I recently talked with someone about large language models and the risks they pose. They suggested that LLMs would be bounded by human intelligence/knowledge because LLMs learn from the internet text that humans have written.

Now, this was a very casual conversation (small-talk at a housewarming party), and they changed their mind a few minutes later. But perhaps this is an assumption people often make about LLMs.

Anyway, I'll briefly explain why LLMs are not bounded by human capacities.

I think the picture they had in their head was something like this:
 

Let's say that all the internet text has been written by humans and we train GPT-N to model the text. There are many ways that GPT-N might do this, but at the very least, GPT-N can just model the humans writing the internet text. This strategy is overkill — like swatting a fly with a sledgehammer — but it suggests that GPT-N has no incentive for more-than-human intelligence or more-than-human knowledge.

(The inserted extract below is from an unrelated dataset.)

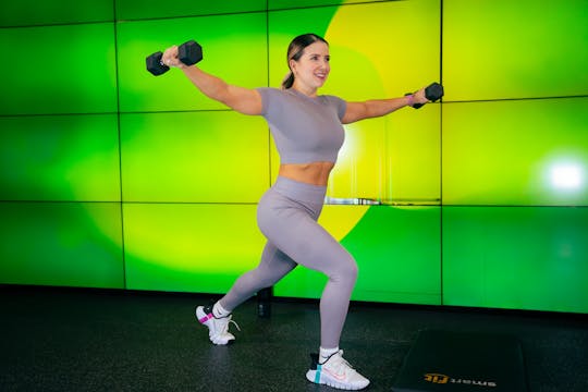 - Implementos: Mancuernas, barra, step y colchoneta.Recomendaciones: hidratación y toalla
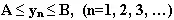 называется ограниченной, если можно указать такие два числа А и В, между которыми лежат все члены

Here's the problem. If GPT-N wants to perfectly model the internet text, it must model the entire causal process which generates it. But this causal process doesn't just include the human, but rather includes the entire universe that the human interacts with.

For example, suppose the internet text includes many chess games between Stockfish engines. If GPT-N wants to minimise cross-entropy loss on internet text, then GPT-N would need to learn chess at the level of Stockfish. It doesn't matter that it was a human who physically typed the games onto the internet. A model which could play superhuman chess would achieve lower cross-entropy loss on the current internet text.

(What exactly do I mean by "learn chess"? Either of the following two definitions will work:

  1. There is a circuit in the weights that instantiates a chess engine.
  2. You could make a very short & quick chess engine if you had GPT-N as an oracle. Specifically, you could repeatedly feed GPT-N the prompt "The following is complete a game between two Stockfish engines: 1.e4 c5 2.c3 d5 3.exd5 Qxd5 4.d4 Nf6 5.Nf3 " and play the move that GPT-N predicts follows.

The first definition is looking inside the weights, and the second definition treats the weights as a black-box.)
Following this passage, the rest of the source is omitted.